The studios that adopted Auto-Tune thrived: they were able to get work done more quickly doing just one vocal take, through the program, as opposed to dozens — and as a result, took in more clients and lowered costs. Soon, studios had to integrate Auto-Tune just to compete and survive.

Images from Auto-Tune's patent. I put him out of business overnight. It was used subtly and unobtrusively to correct notes that were just slightly off-key, and producers were wary to reveal its use to the public.

Hildebrand explains why:. This secrecy, however, was short-lived: Auto-Tune was about to have its coming out party. Unbeknownst to them, this was the start of something much bigger: for the first time, Auto-Tune had crept from the shadows.

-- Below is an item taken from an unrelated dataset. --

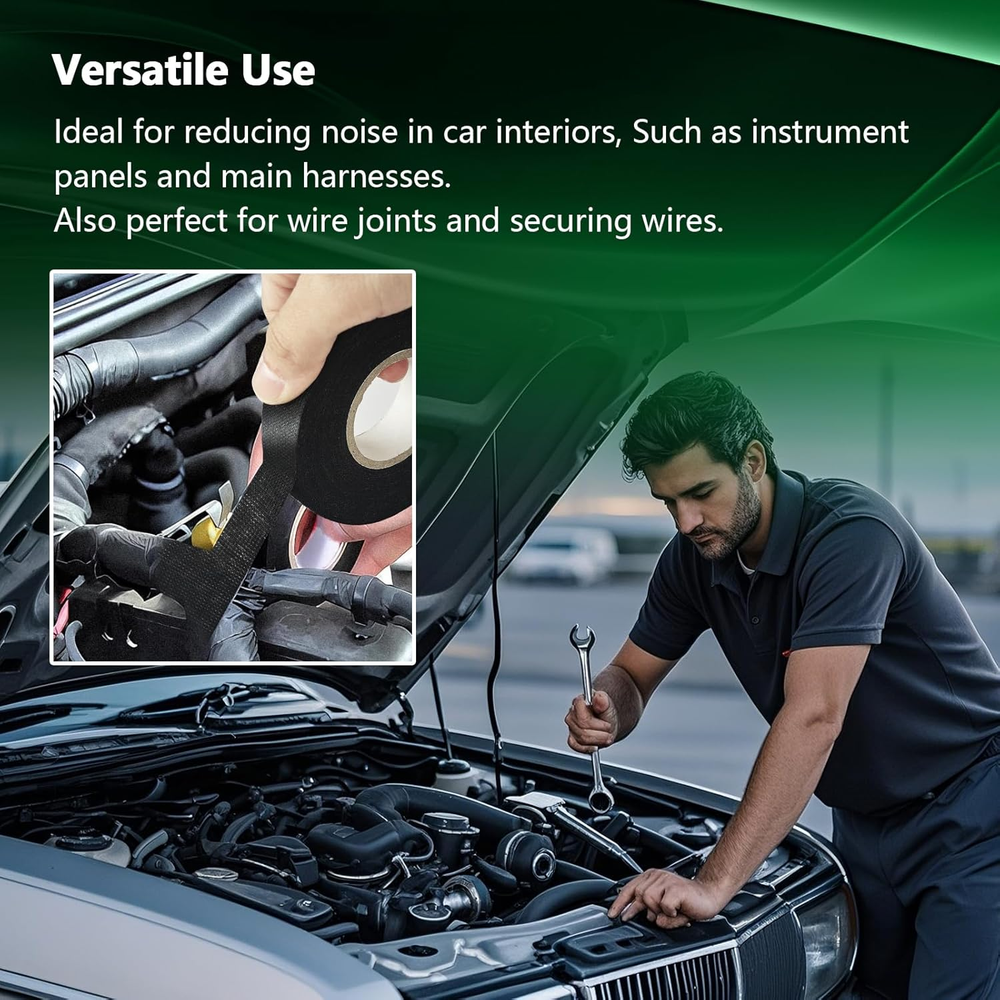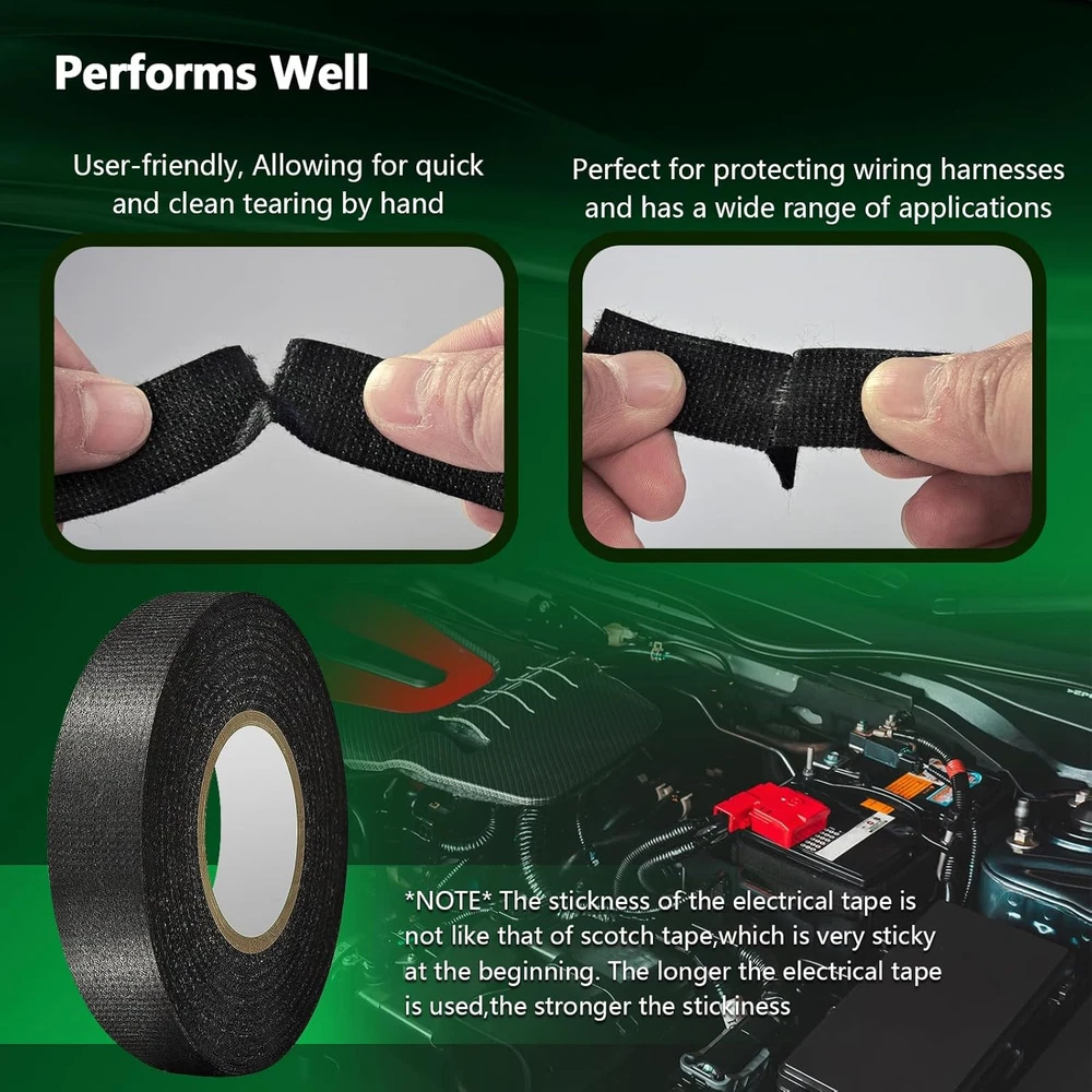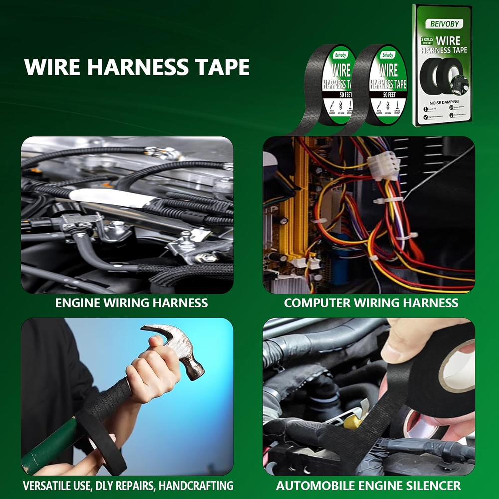 Store New Arrivals Add to Favorite View Feedback Contact 2 Rolls Automotive Wire Harness Tape, 50 Feet, High Temp Self-Adhesive Cloth Ele Description Item model number Wire Tape-2 Style 2-pack Number of Items 2 Color Black Material Polyester Country of Origin China Special Feature Electrical Package Dimensions 7.05 x 3.46 x 0.79 inches; 3.53 ounces High temp Wire Harness Automotive Cloth Tape capable of withstanding harsh temperatures (-40℉ to 250℉) while delivering excellent soundproofing and vibration dampening. This engine tape wrap Matches or exceeds OEM wire harness tapes in thickness, tensile strength, and appearance, with extra-sticky adhesive for quick bundling of hard-to-reach cables. Apply this Wire Loom Tape to cables easily. No scissors needed - simply tear it by hand. Its flexible nature makes adjusting the length a breeze. Puncture and Abrasion Resistance: This automotive felt tape resists abrasions and corrosion, preserving cables in pristine condition. Widely Applicable: cloth electrical tape Beyond automotive use, it doubles as an excellent tool for organizing appliance cords and household wiring. Product Description Efficient and Durable Solution Feature of wire cloth tape for Electrical Automotive Engine Harness Easy to Tear wire harness cloth tape is easy to tear and wrap around wires, simply tear by hand, No need for scissors! No glue residue after tearing. Good Performance Cloth wire tape features amazing high and low temperature stability, abrasion and corrosion-resistant, works great between -40°F~250°F Widely Use Wire harness automotive cloth tape suitable for automotive engine, battery or car audio installation, also can be used for insulation protection. Automotive cloth Tape Keep your wiring neat and secure with this strong, easy-to-tear adhesive cloth tape — ideal for bundling or protecting wires. Wire Harness Tape Adhesive tape effectively protect and bundle wire harnesses for insulation and protection of engine compartment and battery winding, sound reduction shock absorption, and provide heat and wear protection Is this tape suitable for engine bay and high-heat areas? Yes, this high-temp wire harness tape is designed to withstand temperatures from -40℉ to 250℉. It’s perfect for engine wiring harnesses, offering heat resistance, sound dampening, and vibration reduction. Is this tape suitable for OEM-level automotive wiring harnesses? Yes. It meets or exceeds OEM standards for adhesion and durability. Perfect for professional wire harness wrapping, ensuring tight, secure, and heat-resistant bundling. What can this tape be used for besides cars? It’s great for bundling appliance cords, fixing household cables, wrapping motorcycle wires, or soundproofing interior panels. A truly versatile solution for daily use. ABOUT US We offer the best prices around on high quality products. Our E-store includes media such as books, movies, music and games while offering electronics, toys, sporting apparel, clothing, tools, general home, garden items and more. SHIPPING We are always working hard to ensure your package arrives as soon as possible. Please understand that some factors like weather, high postal traffic, and the performance of shipping companies are outside of our control. We offer free shipping to the lower 48 states and ship within 2 business days of payment, usually sooner. We do not accept P.O. Boxes. Please provide a physical address. For shipping outside of the continental USA, we only use eBay's Global Shipping Program.The item is shipped to KY and then sent to the rest of the world. International customers are responsible for all duties and taxes. Continue to check out in order to calculate costs for shipping the item to your country. Messages regarding eBay's Global Shipping Program MUST be directed at eBay EXCLUSIVELY. RETURNS We offer a 30-Day Return Policy on items which you are not completely satisfied with. You have the option for a full-refund or an exchange of the item. No returns are available on items shipped outside of the USA. PAYMENT We accept PayPal. CONTACT US This page content is yet to come Please ad us to your favorite seller and visit again later Thank You CUSTOMER SATISFACTION We try our very best to make sure every customer is completely satisfied. If there's a problem, message us! We're happy to help. WE ACCEPT Copyright © 2021 AutoDS. | All Rights Reserved

He explains:. For faster songs, the notes are short, the pitch needs to be changed quickly. Nonetheless, it continues to be used across all genres of music whether your know it or not.

James Blake has coaxed warm, soulful character from it; other artists, like Aphex Twin point to the otherworldly and not-quite-human aspects in a more unsettling way. It wasn't something you were ever supposed to hear, a kind of musical sleight-of-hand trick designed to make subtle corrections and perfect a singer's pitch.

But buried in Auto-Tune's numerous settings is "discretize. Techniques for altering or polishing a vocal performance are as old as recording itself. What made Auto-Tune unique was its use of advanced digital signal processing algorithms. Its creator, Dr. Andy Hildebrand, first experimented with these sequences while studying electric engineering at Chicago's University of Illinois, before going on to work with Exxon between and In , Dr. Hildebrand returned to his love of music he played flute professionally when he was younger and founded Jupiter Systems, which would later become Antares Audio Technology—the company that struck gold when it debuted Auto-Tune in Perhaps surprisingly, the man behind the technology which celebrates its 20th anniversary next year isn't some slick New York recording executive.

Instead, Dr. Hildebrand lives in the small town of Felton in the forests of central California, and prefers Mozart to T-Pain. Do you ever feel like you created a monster?

Andy Hildebrand: [Laughs] Well, I've certainly created something people love to hate, that's for sure. But, you know, they're the same people, that hate a lot of other things, too—like paying taxes, and other stuff. In a sense, haters will be haters. I heard that Auto-Tune software had its origins in your work as a geophysical engineer, locating oil deposits with sound waves from dynamite blasts.

Oh, is it? My training started at the University of Illinois, where I got a PhD in [electrical engineering] specializing in signal processing.